Sin pedir nada a cambio
La Iglesia pide perdón y, a su vez, ofrece su perdón a cuantos la han ofendido (cuestión bastante significativa si se piensa en tantas persecuciones como los cristianos han sufrido a lo largo de la historia). Pero la Iglesia no exige la petición de perdón ajena como premisa de la propia. No pide nada a cambio.
Pedir perdón de las culpas del pasado es un signo de vitalidad y de autenticidad de la Iglesia, que refuerza su credibilidad y ayudará a modificar esa falsa imagen de oscurantismo e intolerancia con que, por ignorancia o por mala fe, algunos se complacen en identificarla. Esclarecer la verdad será siempre una liberación.
Dilucidar la verdad histórica
La Iglesia es una sociedad viva que atraviesa los siglos, y a través de ese caminar por la historia, no puede evitar que el grano bueno esté mezclado con la cizaña, que la santidad se establezca junto a la infidelidad y el pecado.
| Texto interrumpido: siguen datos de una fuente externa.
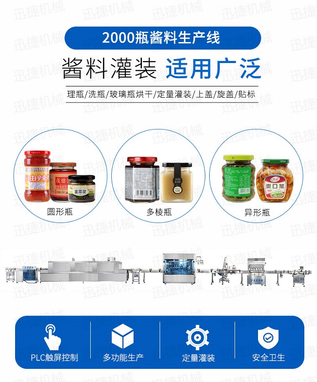 牛肉顆粒醬各種各樣的包裝方式在我們的生活中并不少見,隨著牛肉顆粒醬灌裝豐富化時代的到來,那么針對這么多包裝需求只要選擇這款全自動牛肉顆粒醬灌裝機設備就可以輕松的去實現(xiàn)多樣化的包裝方法,具備無滴漏灌裝;管道采用快裝式鏈接,完全符合衛(wèi)生要求,拆洗維護方便;全自動牛肉顆粒醬灌裝機設備還保障了瓶口干凈衛(wèi)生,輸送帶干凈衛(wèi)生,符合GMP標準有著操作調節(jié)便利,無瓶不灌裝,自動檢測,計數等一些類比較出色的優(yōu)勢特點,迅捷機械可根據客戶需求配理瓶機、旋蓋機,貼標機,打碼機等設備來實現(xiàn)自身企業(yè)的實際生產需求。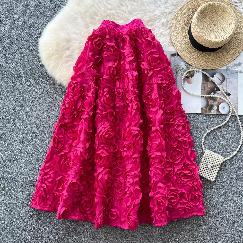 Gonna Lunga Rosa Rosso Sbuffo Rose 3D Volume Elegante Per Cerimonia CF59149

Clarificar la verdad hará que la luz destaque más sobre las sombras, porque, junto a sus fallos, destacarán sus grandes méritos. No puede olvidarse que es la Iglesia quien inició los hospitales, los hospicios, las escuelas, las universidades; que millones de cristianos, en todo el mundo, se han dedicado a una tarea misionera que era también una tarea de asistencia, de caridad, muchas veces heroica hasta el martirio. Hay que evitar tanto una apologética que pretenda justificarlo todo, como una culpabilización indebida, propia de cristianos acomplejados.
La Iglesia no tiene miedo a la verdad que emerge de la historia. Está dispuesta a reconocer equivocaciones allí donde se hayan verificado. Pero desconfía de los juicios generalizados de absolución o de condena respecto a las diversas épocas históricas. Confía en la investigación paciente y honesta sobre el pasado, libre de prejuicios de tipo confesional o ideológico.
Su petición de perdón no es ostentación de humildad ficticia, ni retractación de su historia, ciertamente rica en méritos en el terreno de la caridad, de la cultura, de la santidad. Responde más bien a una irrenunciable exigencia de verdad, que, junto a los aspectos positivos, reconoce los límites y las debilidades humanas de las sucesivas generaciones de cristianos.
El hecho de que, por ejemplo, algunas veces a lo largo de la historia la verdad se haya alzado con aires o con hechos de intolerancia, e incluso que en su error haya llegado a llevar hombres a la hoguera, no es culpa de la verdad, sino de quienes en su momento no supieron entenderla. Todo, hasta lo más grande, puede degradarse. Es cierto que el amor puede hacer que un insensato cometa un crimen que considera hecho por amor, pero no por eso hay que abominar del amor, ni de la verdad, que nunca dejarán de ser las raíces que sostienen la vida humana.